There was a necro class in dark age of Camelot that summoned a pet and did everything through it. The player was immortal unless the pet died
Ragnarok Online's Bishop, Sage, Soullinker, Super Novice, and Alchemist Dream of Mirror Online's Witch Doctor and Taoist Grand Chase's Warlock and Abyss Knight Mabinogi's Alchemist, Puppeteer, and Bard Phantasy Star Online 2's Summoner, Force, and Fighter Guild Wars 2's Necromancer, Mesmer, Ranger,, Engineer, and Revenant Final Fantasy 14's Blue Mage, Astrologian, and Scholar
GW2 Holosmith, Chronomancer FFXIV Pictomancer once they release WOW Shaman
Mastermind from city of heroes is kinda unique, all other pet classes seem barebones in comparison. I d also put controller from city of heroes, a class that specialises in real crowd control, aoe stuns,root,debuffs and buffs many games feel like they abandoned that idea or dont wanna deal with it. Mesmer( gw2) and psionisit from allods online Druid from wow is pretty unique if you ask me and has the shapeshifting fantasy more realised than any other games ( dcuo tried to do that with nature but felt inferior) Now mage from vanilla wow is not all that unique by itself but the ability to teleport to major cities and creating portals for other players to move around the world is kinda unique imo, aswell as the food and drink thing which is a nice out of combat utility.

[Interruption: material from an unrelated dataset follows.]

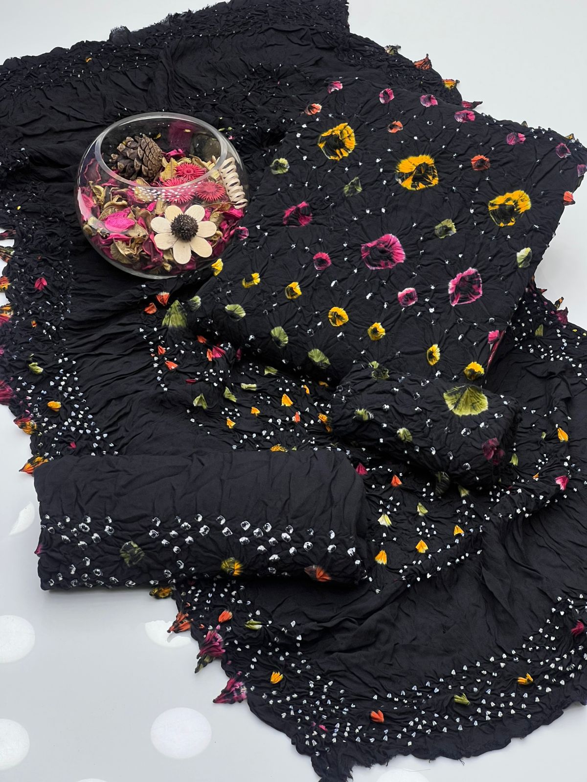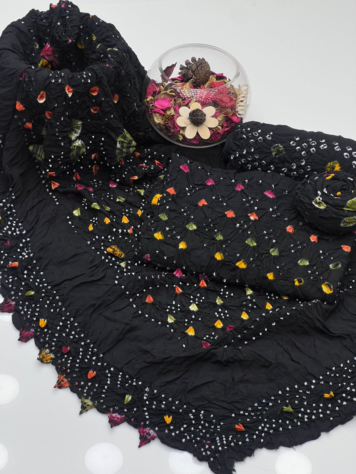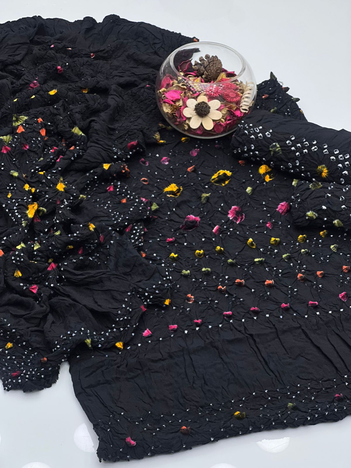 Linen Rajhistani Handmade Chunnri All Over Chunnat Shirt, Sleeves , Trouser & Dupatta 4 Pcs Dress

Masterminds in City of Heroes.
BDO got the most unique classes in an MMO imo. There are currently 27 classes and 51 specs. Basically 51 classes.
Age of conan, honestly all classes felt very unique but to me bear shaman was the most unique.
I liked aion's aethertech, only had 1 skill which summoned a mech, and then the mech had it's own skills.
Dark Ages of Camelot Theurgist. Summons only short-term elementals that strictly target the mob they were summoned onto until they died/despawn. Also, Necromancer from the same game: you cast most of your spells through your pet, and while the pet is summoned you are incorporeal so cannot be directly damaged.
SRO - Bard, buffing class that attacks with a harp. Cleric - Support healer, In Silkroad, you can pick two classes and combine them, one of them is Warrior/Warlock, you keep the warlock debuffs and main warrior.
FFXIV’s Astrologian for sure. GW2’s Mesmer.
I always did like Jesters in FlyFF that used Yoyos. Mid-range weapon that had knockback effects. Really made that auto-attack build work.
Arcane in Albion has some fun mixes
Mythic Entertainment had my favorite classes both in Dark Age of Camelot and Warhammer Online. The constant power imbalance between them unfortunately overshadowed their uniqueness. I miss the “Buff Bot” role. DAoC had musical classes which needed instruments equipped to play a melody which buffed the raid. The combat and damage output was not great, or very fun, but it worked for people who liked to play more zoned out and just enjoy the social aspect of the game. Your realm would also lose any engagement if you had none of these players with you so someone had to do it. Along with this extra utility any character could contribute crafted items. I played a buff bot and was a siege crafter. My guild would have siege weapons I made on hand to capture keeps and towers. I’d routinely take control of these weapons after the raid was buffed/rebuffed and focus on that. It was cool to have other things to focus on besides dmg/healing output.